We cannot prove the existence of the paranormal. It bothers me when a certain television program constantly tells people their site is “haunted” (the same show took a much more realistic and cautious approach in its early seasons by claiming only that “unexplained” activity was present). We can document anomalies which point to the possibility of something unexplained happening, however, as mortals, we cannot “prove” existence of the spirit world.

Similarly, we cannot legitimately claim to “cleanse” locations. First, any sort of “cleansing” is a belief-system based activity and not fact. As a belief-system based activity, its success or failure has much more to do with the belief-system of the affected person than with the belief-system of any particular group. Second, if we assume entities in need of “cleansing” are spiritual beings, as mortals in the material world, we are sadly deluding ourselves if we believe we have any sort of power over these entities.

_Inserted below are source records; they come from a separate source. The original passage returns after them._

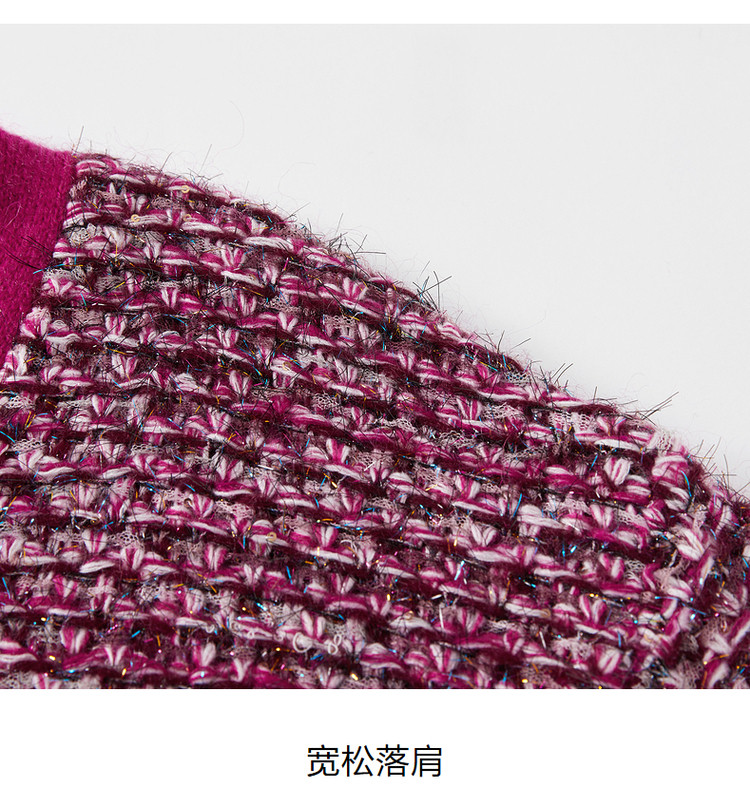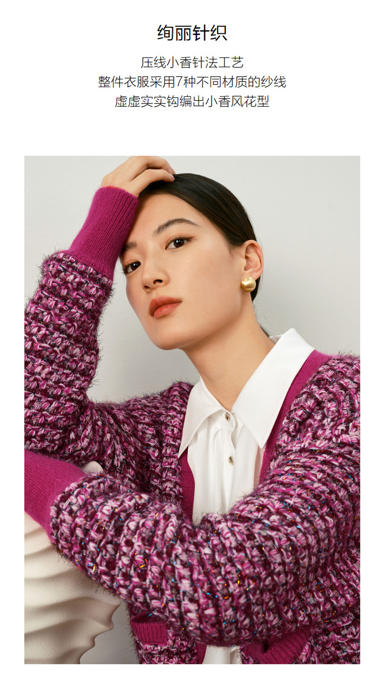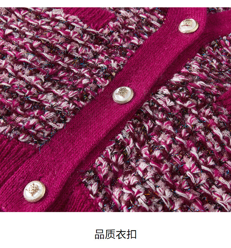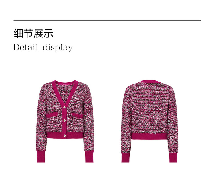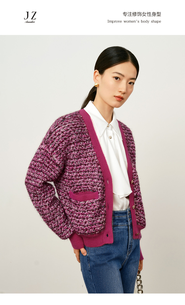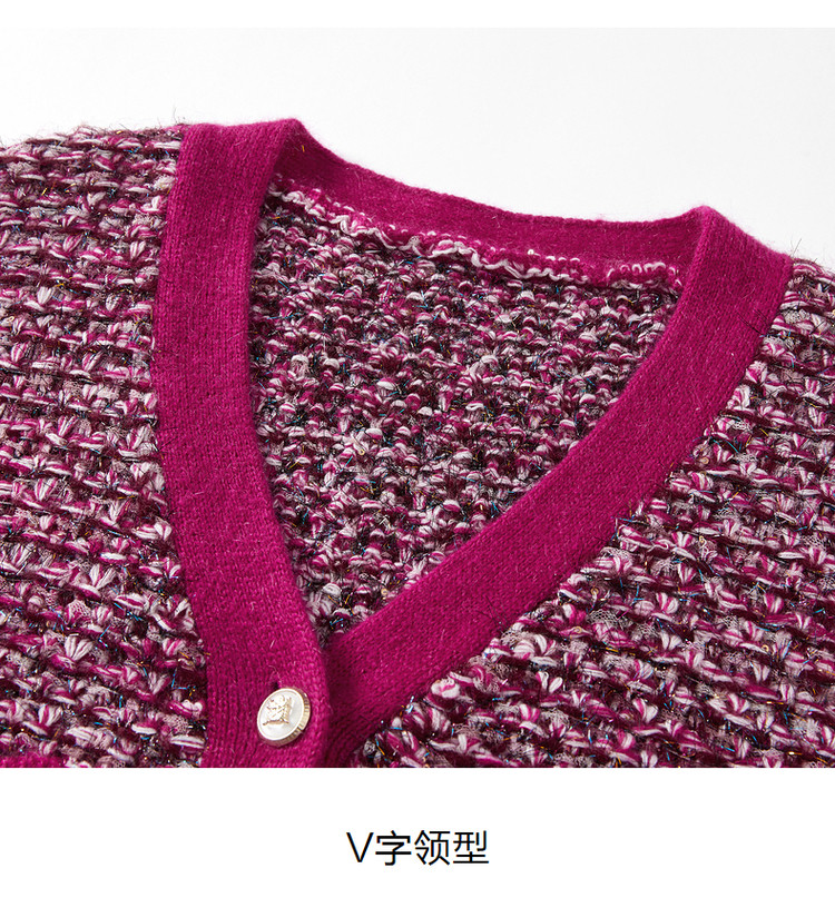商品名称:玖姿旗下安娜蔻系列V领复古休闲粗花呢落肩长袖针织开衫女秋 902156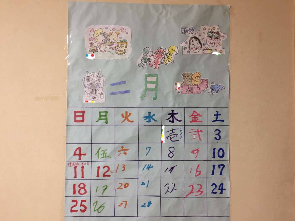 毎月、入居者様にはカレンダーを作ってもらっています。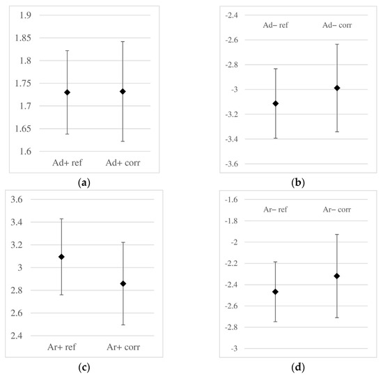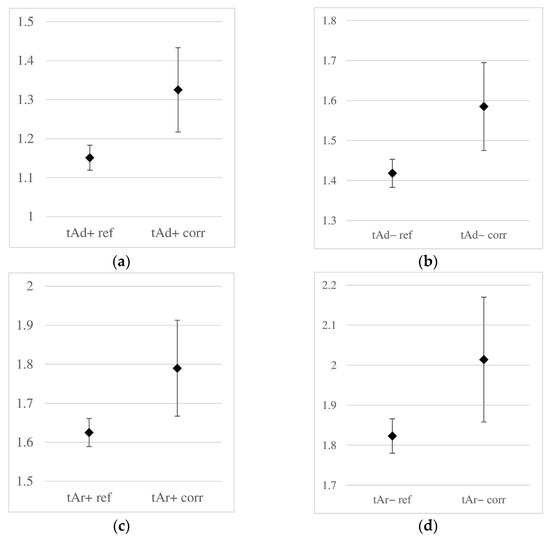 Obtained amplitude ranges [V] of the reflected wave (non-corroded, data with the “ref” index) and corroded (with the “corr” index) samples: (a) amplitude Ad+, (b) Ad−, (c) Ar+, (d) Ar− (notations as in Figure 8).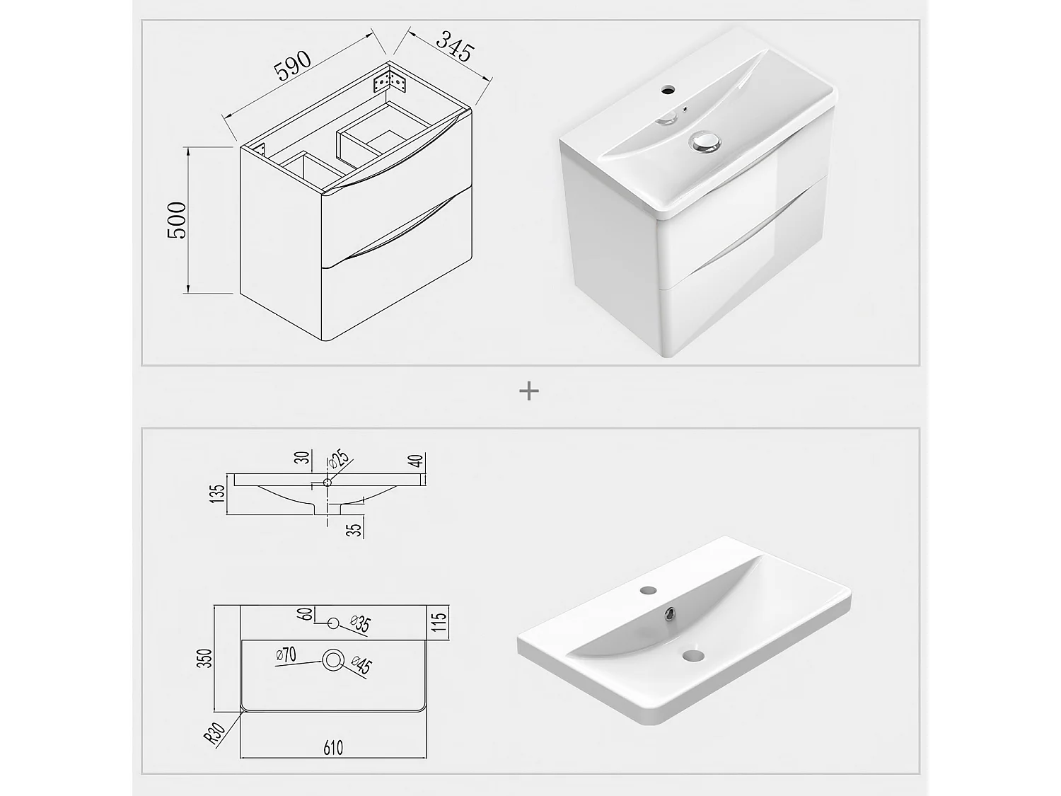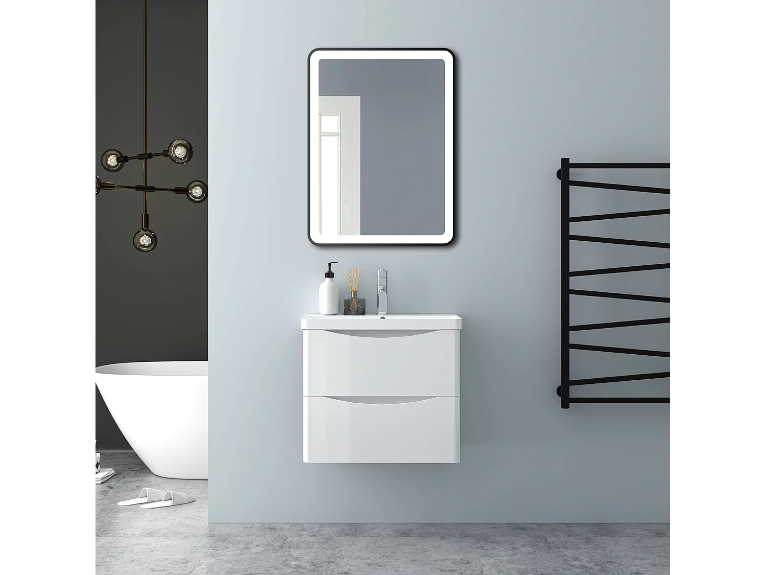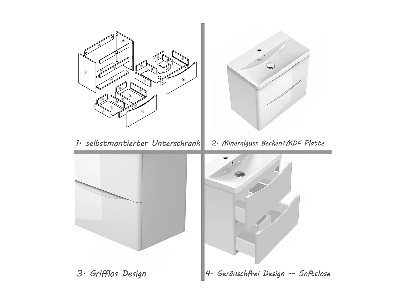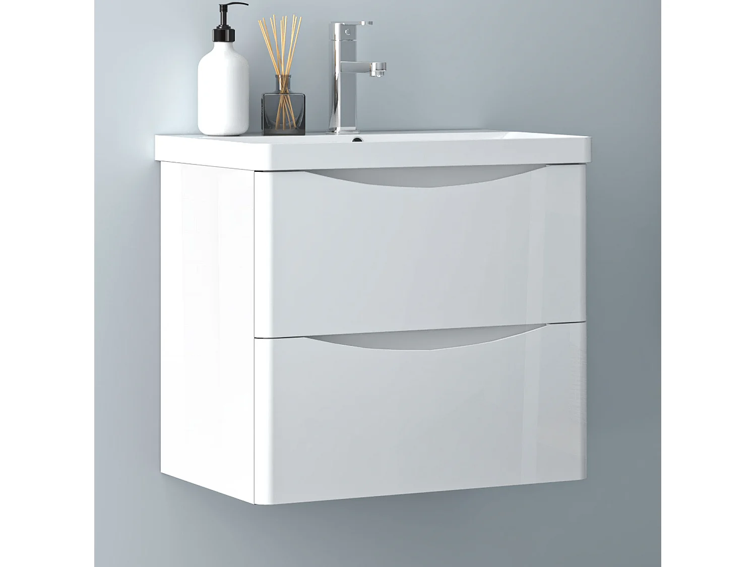 AICA Badezimmerschrank hängend 60cm Mineralguss waschbecken mit Unterschrank - Hochglanz Weiß - SEMAL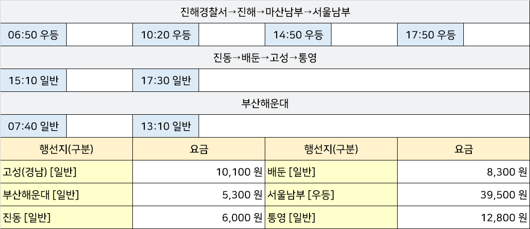 용원센터시외고속버스터미널 용원센터버스정류장 용원센터버스정류소 → "부산해운대,진동→배둔→고성→통영,진해경찰서→진해→마산남부→서울남부".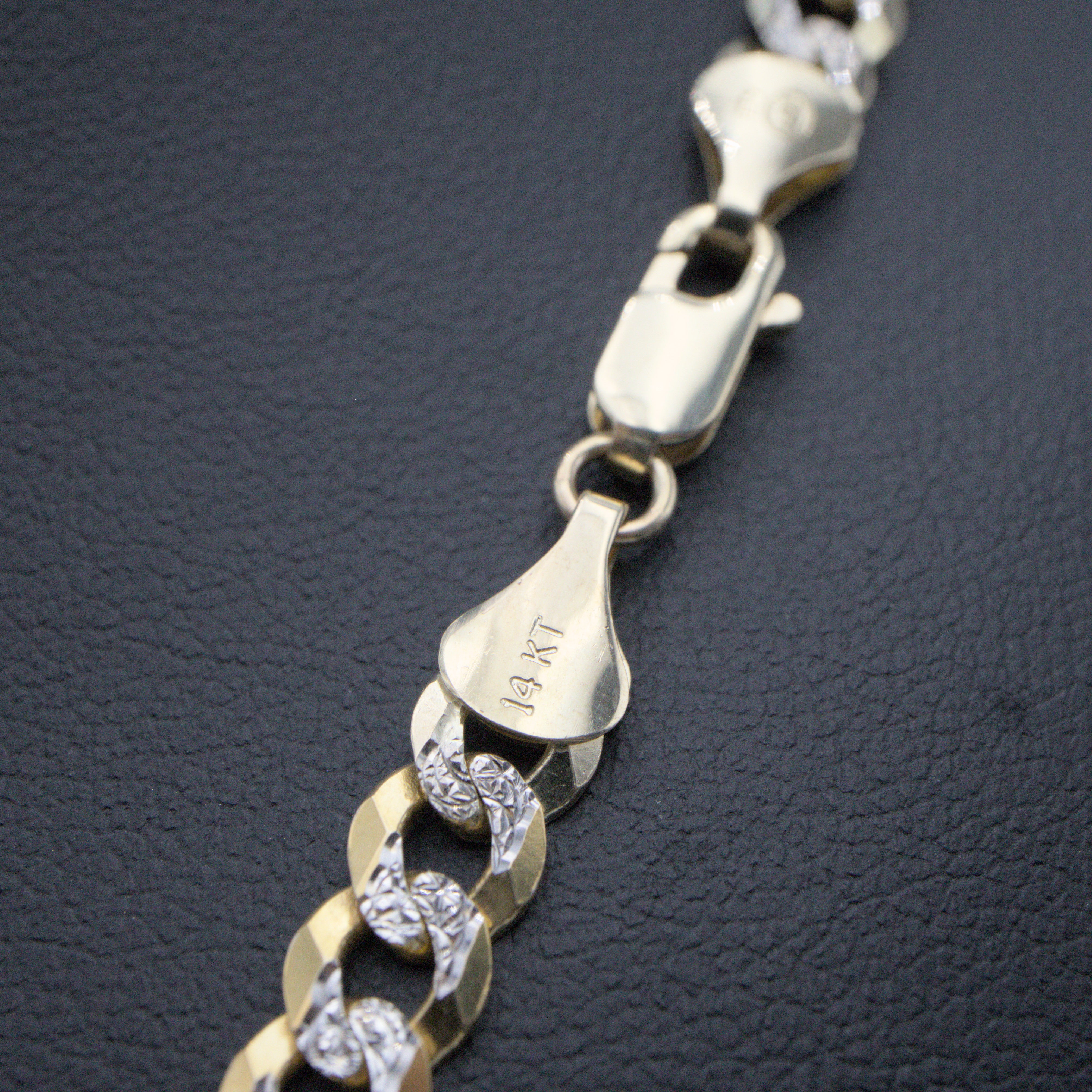 Drape yourself in opulence with our 6mm 14k Gold Curb Link Chain featuring exquisite white diamond cuts. Meticulously crafted, this chain exudes sophistication with its 6mm thickness, striking the perfect balance between boldness and refinement. Crafted in Italy with incredible attention to detail and unmatched quality.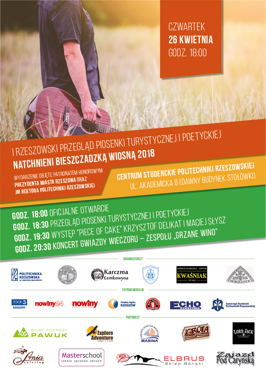 Na I Podkarpacki Przegląd Piosenki Turystycznej i Poetyckiej „Natchnieni Bieszczadzką Wiosną 2018” zapraszają: Stowarzyszenie „Natchnieni Bieszczadem” w Cisnej, Politechnika Rzeszowska, Optyk i Nieruchomości KWAŚNIAK, Karczma ŁEMKOWYNA, Studenckie Koło Przewodników Beskidzkich SKPB, Szkoła Podstawowa nr 16 w Rzeszowie.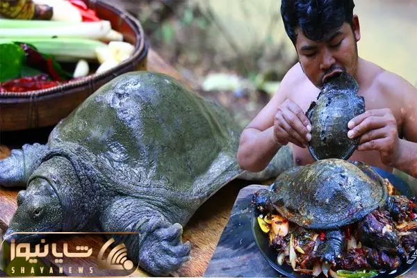 غذای چندش؛ لاکپشت و از وسط برش میده با پیازچه و گردو پرش میکنه رو پوست سختش میپزه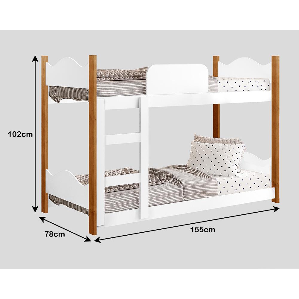 Marca: Gabrielli Móveis; Linha: Quarto; Modelo: Encanto; Tamanho de cama: Infantil; Tipo de cama: Beliche; Material da cama: MDF/MDP; Acabamento: Pintura; Altura: 102 cm; Largura: 78 cm; Profundidade: 155 cm; Quantidade de cama: 02; Colchão Indicado: 70 cm x 150 cm; Peso suportado: 60 kg por cama; Quantidade de gavetas: Não se aplica; Tipo de corrediças: Não se aplica; Quantidade de portas: Não se aplica; Tipo de dobradiças: Não se aplica; Com puxador: Não se aplica; Material do puxador: Não se aplica; Com prateleiras: Não se aplica; Pé de apoio: Não se aplica; Requer montagem: Sim (kit montagem incluso); Condição do item: Novo; É kit: Não; Altura da embalagem: 11 cm; Largura da embalagem: 37,2 cm; Comprimento da embalagem: 153,5 cm; Peso: 27,200 Kg; Embalagem do envio: Papelão e plástico; Informações adicionais: - Os objetos que ambientam as fotos não acompanham o produto; - O produto será entregue desmontado; - É de inteira responsabilidade do cliente a montagem do produto e/ou instalação, custos de transporte por escadas e/ou elevadores, guincho ou içamento, assim como possíveis avarias provenientes de manuseio inadequado; - Embora o produto acompanhe o manual de montagem, verifique a complexidade antes de decidir montá-lo sozinho, recomendamos que contrate um profissional de sua confiança; - Fique atento, nossas cores podem sofrer alterações dependendo do seu monitor; - ANTES DE MONTAR O SEU PRODUTO, certifique-se que todas as instruções dispostas no manual, bem como todas as ferragens descritas, estejam presentes dentro da embalagem. Verifique se há alguma peça avariada, caso esteja, prestaremos a devida assistência dentro do prazo da garantia.

One area of support I rarely see mentioned involves referring people to professional medical assistance. There are numerous medical and psychological conditions which can mimic the paranormal. The Catholic Church refuses to even consider exorcism until a person undergoes a full medical evaluation to eliminate that possibility first. Yet, some groups apparently believe they can handle such things on their own. No amount of “investigation” or “cleansing” will help if there’s an untreated medical condition as the underlying cause. We do no “help” by playing into people’s delusions. Most of us are not medical professionals and we have absolutely no business playing doctor or psychologist, but I believe we do have an obligation to seek this help for those we believe need it.

So there you have it. What help can paranormal groups legitimately offer? They can help clients discover “normal” explanations for apparent “paranormal” activity. They can also offer clients support when activity is discovered with no apparent “normal” explanation. “Cleansings,” “proving” hauntings, even identifying specific “ghosts” I believe all go beyond our legitimate capabilities – at least at the present time.